A good example is the hearing. A person with FTD can score perfectly in a hearing test conducted with just the beeps because our ears can hear fine. I explain it as "My ears can hear, but my brain can't." I become irate when someone says to me, "You just have to do it more often" or "You only have walking issues because you need to get out of your chair and walk more often." There are an endless examples.
I already know the limitations my disease has put on me, I don't need people telling me I just need to pay attention. I do not need people accusing me of being stupid or lazy. I often feel that way on my own even though I know I am not, so please don't remind me.
Last week I visited the office a physician I had not seen before. The physician's assistant came in first to get my history and explain things to me. With everything being automated, he was typing into a laptop the entire time so he was not looking at me. Since he was in front of me, but several feet out of his visual field. He was rattling off the same information and questions that he does dozens of time in just one day, so it was rapid-fire.
On that same trusty laptop, I suspect it clearly said "frontotemporal degeneration" or, at least, "dementia." I finally, politely I hope, said "Excuse me but I just cannot hear you." I explained that I had FTD and if I could not see him, I stood no chance of understanding." He was gracious and apologized. He apologized and took a step closer to me and started talking much more loudly. I kept the irritation in and laughed that he thought he had to speak louder. A HUGE but here... when he started dumbing down his vocabulary and defining one or two words in every sentence, I lost it.
I was good, honestly I was. I didn't scream at him, jump up and down, slap him or walk out. I certainly wanted to but instead said (okay, I said it very loudly.) I am NOT STUPID! I only need for you to speak clearly and at a normal pace instead of rattling off all the things that I am sure you get sick of saying." He left the room quite quickly after that and, most likely warned the doctor before he came in.
Fortunately, the doctor was somewhat familiar with FTD. He is a gastroenterologist and has dilated enough esophagus's to know at least that issue the disease can bring. I actually loved him! I did not complain about the PA but, if I experience it there again, I will. Didn't seem wise to complain before he sticks scopes up and down inside my body!
I wish it was only PA's and Physicians or other medical providers who act this way with someone who has FTD. Unfortunately, it is rampant.
I cannot count high enough or remember well enough to tell you how often I am told things such as "You can do that yourself, you know how!" which develops into a shouting match and I break down crying and apologizing profusely. When I started to be able to cry again, after several years of FTD preventing it, I thought it was a good thing. Nope, no way! Crying is no longer cathartic. Throwing things at someone is not very helpful either. Fortunately, my aim is off because of my double vision so I haven't hurt anyone... yet.
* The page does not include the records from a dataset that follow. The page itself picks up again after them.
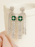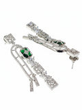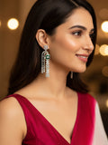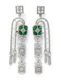 KARATCART Sparkling Green American Diamond Silver-Plated Floral Drop Earrings for Women
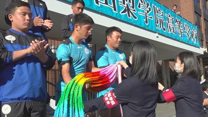 ラグビー部など5つの運動部が冬の全国大会に出場する山梨学院高校で、選手たちを激励する壮行会が行われました。山梨学院高校からはラグビー部、男女の駅伝部、ホッケー部、スケート部が冬の全国大会に出場します…
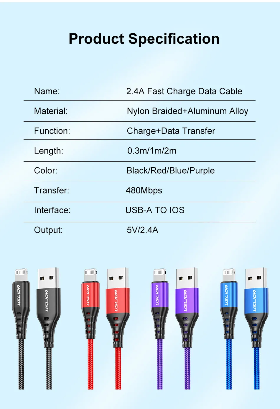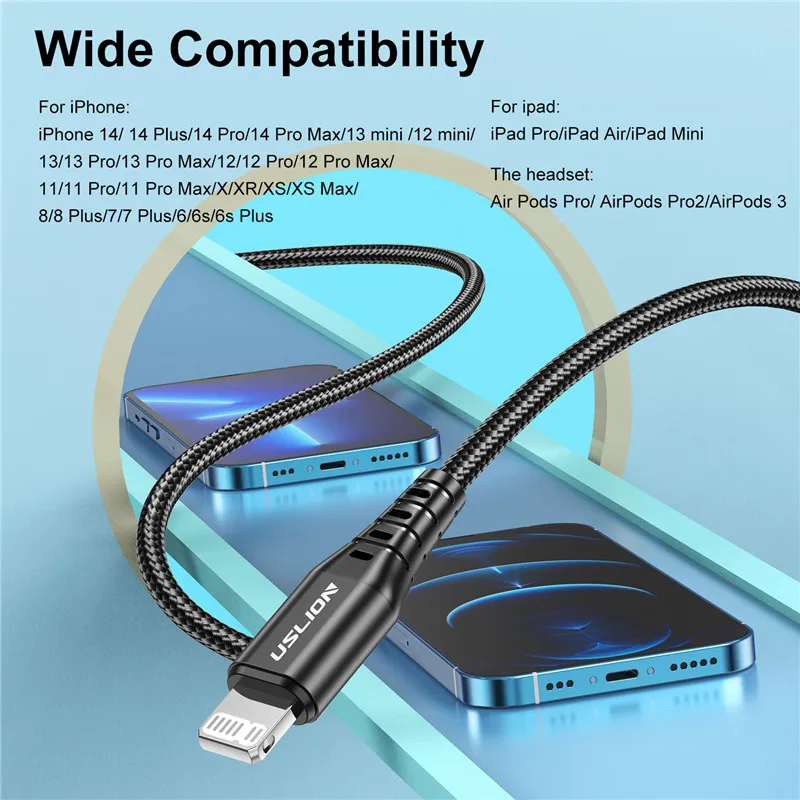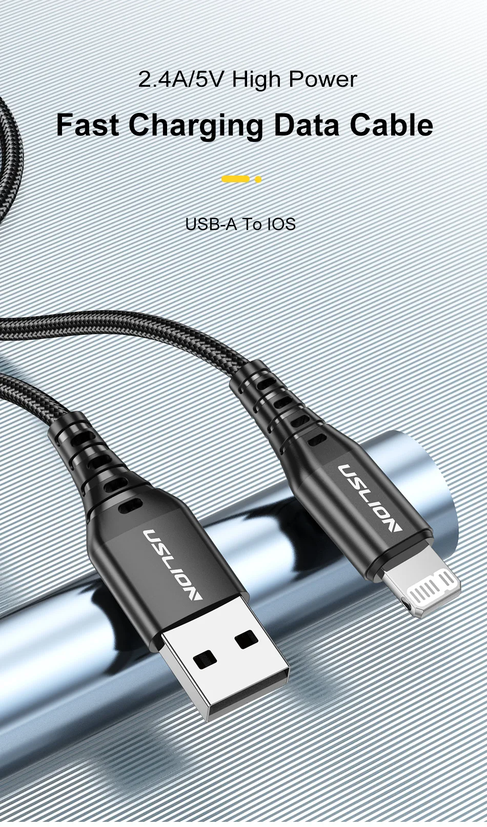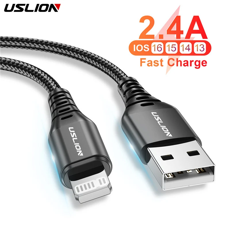 Comprar USLION-Cable USB de carga rápida para iPhone 14, 13, 12, 11 Pro, Max, Xs, Xr, X, 8, 7, 6 Plus
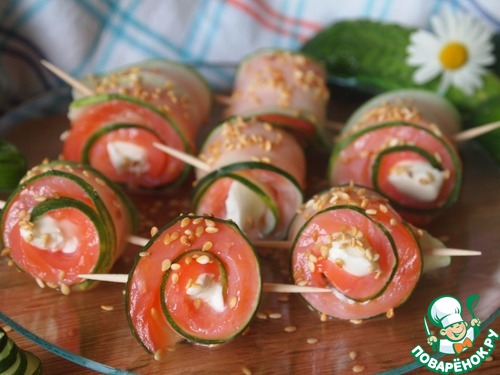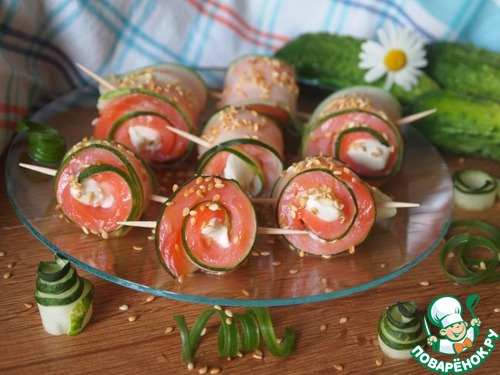 Рецепт «Огуречные рулетики с форелью и сливочным сыром»:
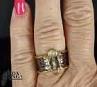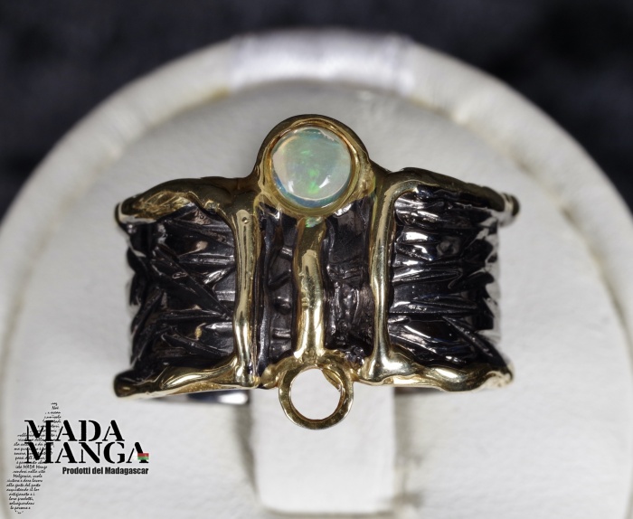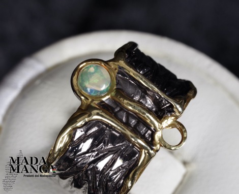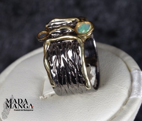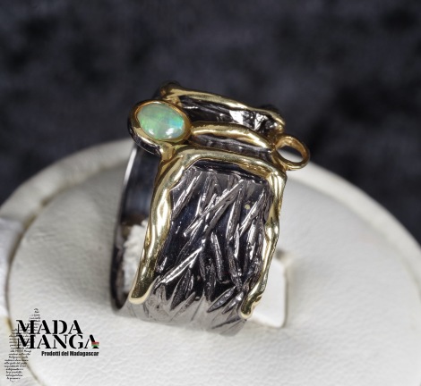 Anello in Argento 925 rodiato con rodio nero e con placcature in oro giallo, con opale etiope da mm.4x4. Misura americana 7, misura italiana 15, diametro interno mm.17,35, peso anello 5,9 grammi. Venduto con scatolina regalo. L'anello è realizzato artigianalmente in pezzo unico per modello e misura.
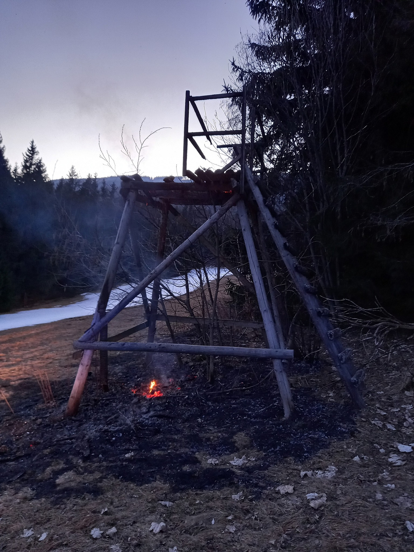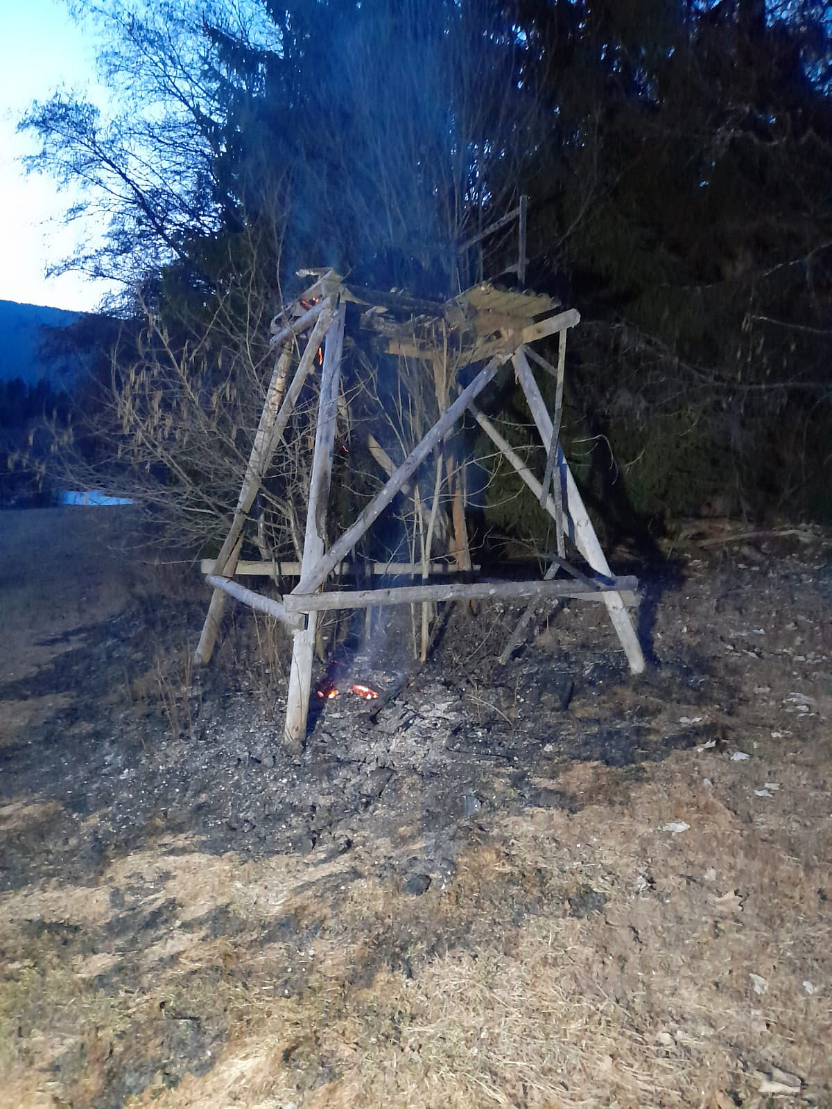 Po zajištění vody provedli dohášení požáru a rozhrabání okolní hrabanky. Na místě spolupracovali také správci KRNAP. Poškozený posed strhli na zem a konstrukci rozebrali, aby bylo možné důkladně prolít požářiště i okolní půdu a zabránili tak dalšímu šíření. Předběžná škoda byla odhadnuta na 10 tisíc korun, uchráněné hodnoty jsou ve stejné výši. Příčina je předmětem vyšetřování

I guess I should clarify. I don't recommend yelling at healthcare professionals, caregivers or family members. It doesn't help these relationships at all and can leave you more upset than you were by whatever it was that happened. Yep, I don't recommend that but cannot tell you how to control outbursts that come out of total frustration. I haven't figured that one out yet.
To clarify this to family, friends and caregivers, I am fairly certain that it is not just me, this one person with FTD, who cannot control the outbursts. I know I cannot stop them, it is the disease that robs us of that control. I will not say "It's not me, it's the disease." I hate that expression! I am a person, a human being, and do not deserve to be defined by my disease. If you know someone who is missing a leg and cannot climb stairs in that manner? "Oh, don't mind him, it's just his condition." Would you tell that person, "You know you can do that, just do it"???
Well, that explains us. No, you cannot see a missing body part on us. However, you should be able to relate to the fact that there are parts of our brain missing.
Now, why do I scream these things at a family member or friend but don't at those like the PA that started me into this rant? That is easy. Just as a child whose teacher tells you how kind, helpful and sweet your child is and makes you turn your head to see who is behind you because you are positive the teacher cannot be describing your child. Yours is the one who comes home grumpy, grunts a few words or explodes at you and when you ask a question and refuses to do a simple chore. How can this be? Simple, because if s/he acts out at home, s/he probably knows there may be repercussions but that you will still love them. So that is where they are comfortable to let out their frustrations just as we are.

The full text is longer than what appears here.